The example assumes that you need to use CAST expressions to cast the string values of the fields Price and Quantity into the correct data types. The cast of the Price field into a decimal produces a decimal value with the natural scale and precision, that is, whatever scale and precision is necessary to represent the number. These CASTs would not be necessary if the data were already in an appropriate data type.
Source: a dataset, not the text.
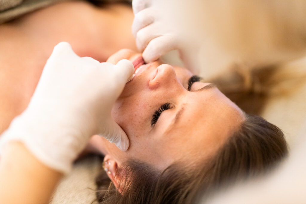 Celle-ci consiste à sculpter le visage de l’intérieur en travaillant les muscles internes et externes de la bouche ce qui permet de repulper en profondeur et d’exercer un double massage .

The SELECT expression works in a similar way to the quantified predicate, and in much the same way that a SELECT works in standard database SQL. The FROM clause specifies what is being iterated, in this case, all Item fields in Invoice, and establishes that the current instance of Item can be referred to using I. This form of SELECT involves a column function, in this case the SUM function, so the SELECT is evaluated by adding together the results of evaluating the expression inside the SUM function for each Item field in the Invoice. As with standard SQL, NULL values are ignored by column functions, with the exception of the COUNT column function explained later in this section, and a NULL value is returned by the column function only if there are no non-NULL values to combine.

The other column functions that are provided are MAX, MIN, and COUNT. The COUNT function has two forms that work in different ways with regard to NULLs. In the first form you use it much like the SUM function above, for example:

SELECT COUNT(I.Quantity)
  FROM Body.Invoice.Purchases."Item"[] AS I

This expression returns the number of Item fields for which the Quantity field is non-NULL. That is, the COUNT function counts non-NULL values, in the same way that the SUM function adds non-NULL values. The alternative way of using the COUNT function is as follows:

SELECT COUNT(*)
  FROM Body.Invoice.Purchases."Item"[] AS I

Using COUNT(*) counts the total number of Item fields, regardless of whether any of the fields is NULL. The preceding example is in fact equivalent to using the CARDINALITY function, as in the following example:

CARDINALITY(Body.Invoice.Purchases."Item"[])

In all the examples of SELECT given here, just as in standard SQL, you could use a WHERE clause to provide filtering on the fields.